Sinnvollerweise wohnen Hüsgen und Pohl unter einer Anschrift in einer wenig attraktiven Massensiedlung. Ob diese Anschrift zukünftig tatsächlich der gelebte Hauptwohnsitz von Pohl und Hüsgen sein wird, dürfte penibel geprüft werden. Sollten es die Bürgerbewegten in den Rat der Stadt Remscheid schaffen, sitzen auf den ersten Plätzen die Immigranten und nicht die Remscheider an den Fleischtöpfen der Steuerzahler, ein geplantes Geschäftsmodell, könnte man annehmen.

Termine
Am Samstag will Pro NRW von 11 bis 16 Uhr auf dem Ottoplatz gegen den Erdogan-Besuch demonstrieren. Bereits ab 15 Uhr will sich Pro Köln vor dem Hauptbahnhof mit ihrer Wahlkampfbude produzieren. Quelle

Kommentar
Die Presse berichtet fast täglich von Anzeigen und dem laufenden  Prozess gegen Pro Köln/NRW oder deren Mitglieder. Betrug, Ordnungswidrigkeiten, Tätlichkeiten, Verdacht auf Volksverhetzung und Aufruf zur Gewalt gegen Asylbewerber, möglicher Wahlbetrug und andere Delikte im Zusammenhang mit Kandidatennominierungen etc. zur Kommunalwahl werden dort genannt.

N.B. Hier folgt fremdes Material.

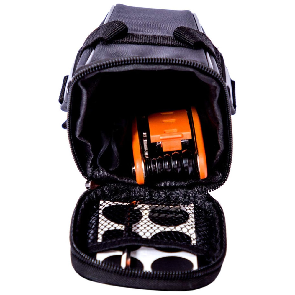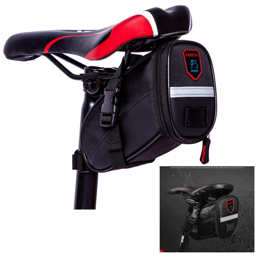 BOLSA DE SELIM PORTÁTIL DEDICADA. A bolsa de cauda do assento em forma de cunha aerodinâmica com bolso principal interno e bolso de malha auxiliar, pode encher as ferramentas e pequenos itens como chaves. Sistema de montagem de liberação rápida da bolsa do assento que permite montagem e remoção rápida e fácil sem ferramentas. É compacto e fácil de transportar, e tem uma função à prova dágua.

Auch die gebetsmühlenartige Leier des Vierfachvorsitzenden „Wir sind nur in einem Punkt radikal…“ hat sich mittlerweise als lächerlich herausgestellt und erzeugt selbst bei einigen Parteimitgliedern nur noch ein mitleidiges Kopfschütteln. Auch der neue Verfassungsschutzbericht bringt es wieder auf den Punkt:

“Wenn sich ‘pro Köln e.V.’ und ‘pro NRW’ immer wieder geradezu demonstrativ zum Grundgesetz bekennen und sich gegen jede Form von Extremismus verwahren, wirkt dies taktisch motiviert. Agitation und Propaganda stehen auch in 2013 zumindest in Teilen in offenem Widerspruch zur vordergründig wirkenden Bejahung der Verfassungsgrundsätze des Grundgesetzes”, und weiter ist zu lesen:

“Die Verhaltensweisen von ‘pro Köln e.V.’ und ‘pro NRW’ richten sich gegen die freiheitliche demokratische Grundordnung. ‘Pro Köln e.V.’ und ‘pro NRW’ sind fremdenfeindlich. ‘Pro Köln e.V.’ und ‘pro NRW’ sind islamfeindlich. ‘Pro Köln e.V.’ und ‘pro NRW’ sind antiziganistisch. ‘Pro Köln e.V.’ und ‘pro NRW’ diffamieren Asylbewerber. Gerichte bestätigen die Einschätzung, dass ‘pro NRW’ und ‘pro Köln’ verfassungsfeindliche Bestrebungen verfolgen” deswegen gilt umsomehr:

„Am kommenden Sonntag keine Stimme für die „rechtsradikale“ als verfassungsfeindlich eingeschätzte Splitterpartei Pro NRW/Köln und ihren Möchtegern-Politikern zur Kommunalwahl allerorts, sowie ihrem Anführer Markus Beisicht zur Europawahl.